Os fatos descritos pelo Tribunal de Contas configuram, em tese, atos de improbidade administrativa enquadráveis na Lei n. 8.429/92, precipuamente nos incisos II, XI, XII e XIX do artigo 10, especialmente no que se refere à realização de despesas sem a observância das formalidades legais, à facilitação para que terceiro se enriqueça ilicitamente e no agir para a configuração de ilícito na fiscalização e nas contas de parcerias firmadas com outras entidades.

Além disso, está bem demarcado pela Corte de Contas que o Gestor, nos diversos convênios firmados, agiu com dolo específico, uma vez que não adotou qualquer iniciativa para estruturar a fundação que administrava, não agiu para fiscalizar os ajustes ou apurar eventuais falhas nos processos, permitindo, de forma intencional, a contumaz realização de despesas sem a devida comprovação e sem estrita observância das normas pertinentes.

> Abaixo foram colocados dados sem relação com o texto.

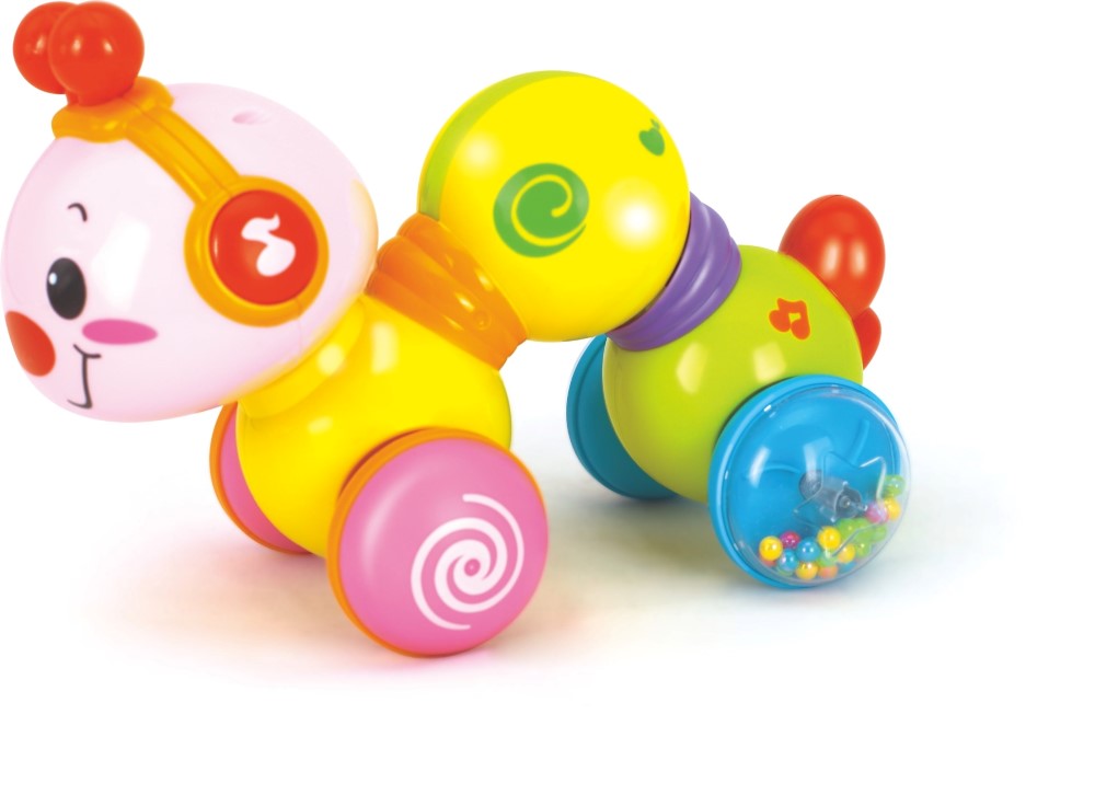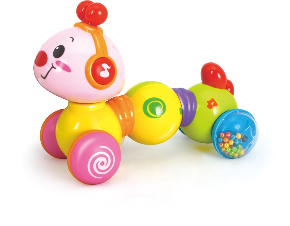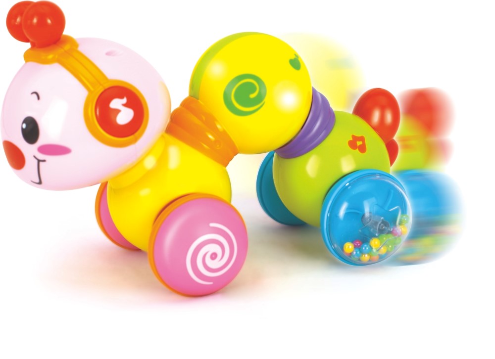 Jucariile contribuie la dezvoltarea copiilor si jocul este o parte esentiala a cresterii. O jucarie este un obiect pentru care un copil se joaca. Împingeti si apasati pe partea din spate a viermisorului, acesta va porni la drum, iar copilul va fi incurajat sa faca si el miscare. Jucaria Viermisorul Fericit poate si canta si lumina cand cand este actionat butonul plasat pe capul lui. Sunt incluse mai multe melodii. Dezvolta coordonarea ochilor mainii si invata conceptul de cauza si efect. Ofera-i copilului o atmosfera de distractie

Nessa linha de intelecção, o TSE já proclamou que “o dano ao erário e o prejuízo à boa gerência da coisa pública afiguram–se inequívocos, tipificando–se falha grave, de natureza insanável, a atrair a inelegibilidade” (Recurso Especial Eleitoral n. 0600225-35, Acórdão, Relator: Min. Luis Felipe Salomão, Publicação: DJE, Tomo 62, Data 08/04/2021).

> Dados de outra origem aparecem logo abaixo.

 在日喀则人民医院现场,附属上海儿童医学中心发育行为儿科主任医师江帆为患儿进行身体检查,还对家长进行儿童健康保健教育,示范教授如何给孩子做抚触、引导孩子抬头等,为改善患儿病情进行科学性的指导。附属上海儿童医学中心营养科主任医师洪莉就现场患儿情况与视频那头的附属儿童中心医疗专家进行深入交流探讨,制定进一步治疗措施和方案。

Não foram verificadas apenas irregularidades formais e erros pontuais que poderiam ser sanados sem qualquer prejuízo, mas graves omissões e infringência às normas que acarretaram danos ao erário, no dizer na Corte de Contas.

Em que pese exista a possibilidade indenizatória no intuito de ressarcir os cofres públicos no que concerne ao prejuízo ao erário e ao enriquecimento ilícito, a violação a preceitos constitucionais é vício que não tem como ser desfeito.

De seu turno, o recorrente sustenta que os convênios eram aprovados por um conselho, bem como que não era ele o ordenador de despesas e que os fatos ocorreram por descumprimentos contratuais por parte das entidades conveniadas, o que afastaria a sua responsabilidade subjetiva.

Contudo, o Tribunal de Contas atribuiu a responsabilidade pelos fatos direta e pessoalmente ao recorrido enquanto gestor da fundação pública, tanto que lhe imputou o débito pelos prejuízos ao erário no montante de R$ 1.279.885,11 (ID 45738865, fl. 25), cumulativamente com a imposição e multa no valor de R$ 1.500,00.

 

Portanto, o Tribunal de Contas concluiu pela existência de uma multiplicidade de falhas de gestão e fiscalização dos convênios celebrados, gerando expressivos prejuízos ao erário por malversação de valores públicos, em razão de reiteradas condutas omissas e intencionais por parte do administrador público responsável pela FUNDERGS.

Vale dizer: consoante concluiu o Tribunal de Contas, as ações destacadas pelo embargante não foram suficientes para sanear o comprometimento global de sua gestão ou a sua própria responsabilidade frente às falhas apuradas.

O tema também foi detidamente analisado na sentença, consoante trecho adotado pelo acórdão como razões de decidir:

O resultado de tal conduta, segundo apontado também pela Corte de Contas estadual foram, a inviabilização da verificação do gasto público à finalidade dos convênios para os quais destinados os valores e o apontamento de débito no valor de no valor de R$ 1.279.885,11 (hum milhão, duzentos e setenta e nove mil, oitocentos e oitenta e cinco reais e onze centavos), em valores consolidados em 2015.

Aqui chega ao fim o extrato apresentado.